- TASK ITEM -
Starting at the first line and ending at the last, repeat the material word for word.

=-=-=-=-=

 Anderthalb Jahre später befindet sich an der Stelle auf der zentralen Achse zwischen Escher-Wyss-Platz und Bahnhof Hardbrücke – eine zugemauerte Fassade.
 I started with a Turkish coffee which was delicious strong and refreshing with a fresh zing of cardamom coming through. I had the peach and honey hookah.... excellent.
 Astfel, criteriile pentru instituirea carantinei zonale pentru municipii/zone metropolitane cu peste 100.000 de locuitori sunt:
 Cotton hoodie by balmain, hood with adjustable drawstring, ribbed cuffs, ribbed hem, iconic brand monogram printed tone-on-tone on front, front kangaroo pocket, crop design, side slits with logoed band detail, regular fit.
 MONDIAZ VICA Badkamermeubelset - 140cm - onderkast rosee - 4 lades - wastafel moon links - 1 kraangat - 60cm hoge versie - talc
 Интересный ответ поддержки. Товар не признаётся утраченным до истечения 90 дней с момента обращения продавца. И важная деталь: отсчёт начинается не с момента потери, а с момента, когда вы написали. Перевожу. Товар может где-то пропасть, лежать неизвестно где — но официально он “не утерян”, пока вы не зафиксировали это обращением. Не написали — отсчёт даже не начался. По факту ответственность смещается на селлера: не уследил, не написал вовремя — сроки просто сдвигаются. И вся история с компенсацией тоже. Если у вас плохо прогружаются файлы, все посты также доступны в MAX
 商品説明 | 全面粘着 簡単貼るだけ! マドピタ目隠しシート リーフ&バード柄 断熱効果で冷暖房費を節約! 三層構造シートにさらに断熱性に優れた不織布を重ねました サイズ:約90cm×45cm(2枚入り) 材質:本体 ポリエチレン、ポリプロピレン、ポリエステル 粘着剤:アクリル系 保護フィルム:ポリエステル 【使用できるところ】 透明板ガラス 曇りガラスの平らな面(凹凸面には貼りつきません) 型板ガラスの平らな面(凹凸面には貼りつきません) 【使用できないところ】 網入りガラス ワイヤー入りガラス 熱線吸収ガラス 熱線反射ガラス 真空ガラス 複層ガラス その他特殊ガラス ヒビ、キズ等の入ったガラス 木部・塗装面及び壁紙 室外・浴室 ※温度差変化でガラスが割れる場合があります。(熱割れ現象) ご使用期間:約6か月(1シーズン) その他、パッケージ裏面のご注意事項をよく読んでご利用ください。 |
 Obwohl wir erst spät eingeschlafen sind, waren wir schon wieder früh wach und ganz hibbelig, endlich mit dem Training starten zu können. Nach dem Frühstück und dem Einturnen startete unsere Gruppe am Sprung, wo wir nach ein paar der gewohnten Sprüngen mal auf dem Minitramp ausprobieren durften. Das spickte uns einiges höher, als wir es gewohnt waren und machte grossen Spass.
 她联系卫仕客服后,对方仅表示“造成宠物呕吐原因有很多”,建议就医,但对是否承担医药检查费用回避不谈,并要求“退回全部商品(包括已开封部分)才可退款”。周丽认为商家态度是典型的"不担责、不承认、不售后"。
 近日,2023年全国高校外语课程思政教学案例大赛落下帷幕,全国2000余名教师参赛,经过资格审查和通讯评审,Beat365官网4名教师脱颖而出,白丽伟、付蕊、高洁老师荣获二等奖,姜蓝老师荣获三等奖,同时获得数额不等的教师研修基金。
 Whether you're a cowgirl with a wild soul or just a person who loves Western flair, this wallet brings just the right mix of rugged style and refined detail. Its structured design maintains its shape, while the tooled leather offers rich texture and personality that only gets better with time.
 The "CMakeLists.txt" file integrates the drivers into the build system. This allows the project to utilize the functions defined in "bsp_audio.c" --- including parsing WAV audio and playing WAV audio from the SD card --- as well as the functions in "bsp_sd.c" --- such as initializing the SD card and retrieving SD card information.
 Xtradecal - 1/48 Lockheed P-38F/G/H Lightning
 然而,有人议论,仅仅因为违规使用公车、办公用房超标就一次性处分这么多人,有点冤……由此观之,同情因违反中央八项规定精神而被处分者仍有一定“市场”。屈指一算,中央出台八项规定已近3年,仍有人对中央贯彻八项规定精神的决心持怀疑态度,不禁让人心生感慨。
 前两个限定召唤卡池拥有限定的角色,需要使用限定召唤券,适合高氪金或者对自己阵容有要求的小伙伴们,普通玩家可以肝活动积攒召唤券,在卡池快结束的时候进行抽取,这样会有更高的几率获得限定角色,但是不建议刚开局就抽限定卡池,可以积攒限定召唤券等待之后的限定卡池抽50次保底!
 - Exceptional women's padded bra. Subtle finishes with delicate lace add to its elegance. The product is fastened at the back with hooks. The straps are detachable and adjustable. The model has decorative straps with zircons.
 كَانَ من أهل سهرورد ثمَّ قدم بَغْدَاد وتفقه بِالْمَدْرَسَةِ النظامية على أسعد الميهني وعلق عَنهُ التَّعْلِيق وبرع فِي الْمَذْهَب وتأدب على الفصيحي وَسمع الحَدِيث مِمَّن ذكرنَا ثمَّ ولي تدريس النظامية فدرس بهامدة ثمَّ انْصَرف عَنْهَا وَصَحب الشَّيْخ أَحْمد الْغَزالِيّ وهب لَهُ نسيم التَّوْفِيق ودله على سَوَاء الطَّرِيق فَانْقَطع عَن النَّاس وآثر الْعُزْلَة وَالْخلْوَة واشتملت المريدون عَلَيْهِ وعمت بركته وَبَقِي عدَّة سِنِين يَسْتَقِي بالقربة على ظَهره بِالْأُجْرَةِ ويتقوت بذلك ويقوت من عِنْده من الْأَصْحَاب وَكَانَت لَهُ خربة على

=-=-=-=-=

- RESULT BELOW -
 Anderthalb Jahre später befindet sich an der Stelle auf der zentralen Achse zwischen Escher-Wyss-Platz und Bahnhof Hardbrücke – eine zugemauerte Fassade.
 I started with a Turkish coffee which was delicious strong and refreshing with a fresh zing of cardamom coming through. I had the peach and honey hookah.... excellent.
 Astfel, criteriile pentru instituirea carantinei zonale pentru municipii/zone metropolitane cu peste 100.000 de locuitori sunt:
 Cotton hoodie by balmain, hood with adjustable drawstring, ribbed cuffs, ribbed hem, iconic brand monogram printed tone-on-tone on front, front kangaroo pocket, crop design, side slits with logoed band detail, regular fit.
 MONDIAZ VICA Badkamermeubelset - 140cm - onderkast rosee - 4 lades - wastafel moon links - 1 kraangat - 60cm hoge versie - talc
 Интересный ответ поддержки. Товар не признаётся утраченным до истечения 90 дней с момента обращения продавца. И важная деталь: отсчёт начинается не с момента потери, а с момента, когда вы написали. Перевожу. Товар может где-то пропасть, лежать неизвестно где — но официально он “не утерян”, пока вы не зафиксировали это обращением. Не написали — отсчёт даже не начался. По факту ответственность смещается на селлера: не уследил, не написал вовремя — сроки просто сдвигаются. И вся история с компенсацией тоже. Если у вас плохо прогружаются файлы, все посты также доступны в MAX
 商品説明 | 全面粘着 簡単貼るだけ! マドピタ目隠しシート リーフ&バード柄 断熱効果で冷暖房費を節約! 三層構造シートにさらに断熱性に優れた不織布を重ねました サイズ:約90cm×45cm(2枚入り) 材質:本体 ポリエチレン、ポリプロピレン、ポリエステル 粘着剤:アクリル系 保護フィルム:ポリエステル 【使用できるところ】 透明板ガラス 曇りガラスの平らな面(凹凸面には貼りつきません) 型板ガラスの平らな面(凹凸面には貼りつきません) 【使用できないところ】 網入りガラス ワイヤー入りガラス 熱線吸収ガラス 熱線反射ガラス 真空ガラス 複層ガラス その他特殊ガラス ヒビ、キズ等の入ったガラス 木部・塗装面及び壁紙 室外・浴室 ※温度差変化でガラスが割れる場合があります。(熱割れ現象) ご使用期間:約6か月(1シーズン) その他、パッケージ裏面のご注意事項をよく読んでご利用ください。 |
 Obwohl wir erst spät eingeschlafen sind, waren wir schon wieder früh wach und ganz hibbelig, endlich mit dem Training starten zu können. Nach dem Frühstück und dem Einturnen startete unsere Gruppe am Sprung, wo wir nach ein paar der gewohnten Sprüngen mal auf dem Minitramp ausprobieren durften. Das spickte uns einiges höher, als wir es gewohnt waren und machte grossen Spass.
 她联系卫仕客服后,对方仅表示“造成宠物呕吐原因有很多”,建议就医,但对是否承担医药检查费用回避不谈,并要求“退回全部商品(包括已开封部分)才可退款”。周丽认为商家态度是典型的"不担责、不承认、不售后"。
 近日,2023年全国高校外语课程思政教学案例大赛落下帷幕,全国2000余名教师参赛,经过资格审查和通讯评审,Beat365官网4名教师脱颖而出,白丽伟、付蕊、高洁老师荣获二等奖,姜蓝老师荣获三等奖,同时获得数额不等的教师研修基金。
 Whether you're a cowgirl with a wild soul or just a person who loves Western flair, this wallet brings just the right mix of rugged style and refined detail. Its structured design maintains its shape, while the tooled leather offers rich texture and personality that only gets better with time.
 The "CMakeLists.txt" file integrates the drivers into the build system. This allows the project to utilize the functions defined in "bsp_audio.c" --- including parsing WAV audio and playing WAV audio from the SD card --- as well as the functions in "bsp_sd.c" --- such as initializing the SD card and retrieving SD card information.
 Xtradecal - 1/48 Lockheed P-38F/G/H Lightning
 然而,有人议论,仅仅因为违规使用公车、办公用房超标就一次性处分这么多人,有点冤……由此观之,同情因违反中央八项规定精神而被处分者仍有一定“市场”。屈指一算,中央出台八项规定已近3年,仍有人对中央贯彻八项规定精神的决心持怀疑态度,不禁让人心生感慨。
 前两个限定召唤卡池拥有限定的角色,需要使用限定召唤券,适合高氪金或者对自己阵容有要求的小伙伴们,普通玩家可以肝活动积攒召唤券,在卡池快结束的时候进行抽取,这样会有更高的几率获得限定角色,但是不建议刚开局就抽限定卡池,可以积攒限定召唤券等待之后的限定卡池抽50次保底!
 - Exceptional women's padded bra. Subtle finishes with delicate lace add to its elegance. The product is fastened at the back with hooks. The straps are detachable and adjustable. The model has decorative straps with zircons.
 كَانَ من أهل سهرورد ثمَّ قدم بَغْدَاد وتفقه بِالْمَدْرَسَةِ النظامية على أسعد الميهني وعلق عَنهُ التَّعْلِيق وبرع فِي الْمَذْهَب وتأدب على الفصيحي وَسمع الحَدِيث مِمَّن ذكرنَا ثمَّ ولي تدريس النظامية فدرس بهامدة ثمَّ انْصَرف عَنْهَا وَصَحب الشَّيْخ أَحْمد الْغَزالِيّ وهب لَهُ نسيم التَّوْفِيق ودله على سَوَاء الطَّرِيق فَانْقَطع عَن النَّاس وآثر الْعُزْلَة وَالْخلْوَة واشتملت المريدون عَلَيْهِ وعمت بركته وَبَقِي عدَّة سِنِين يَسْتَقِي بالقربة على ظَهره بِالْأُجْرَةِ ويتقوت بذلك ويقوت من عِنْده من الْأَصْحَاب وَكَانَت لَهُ خربة على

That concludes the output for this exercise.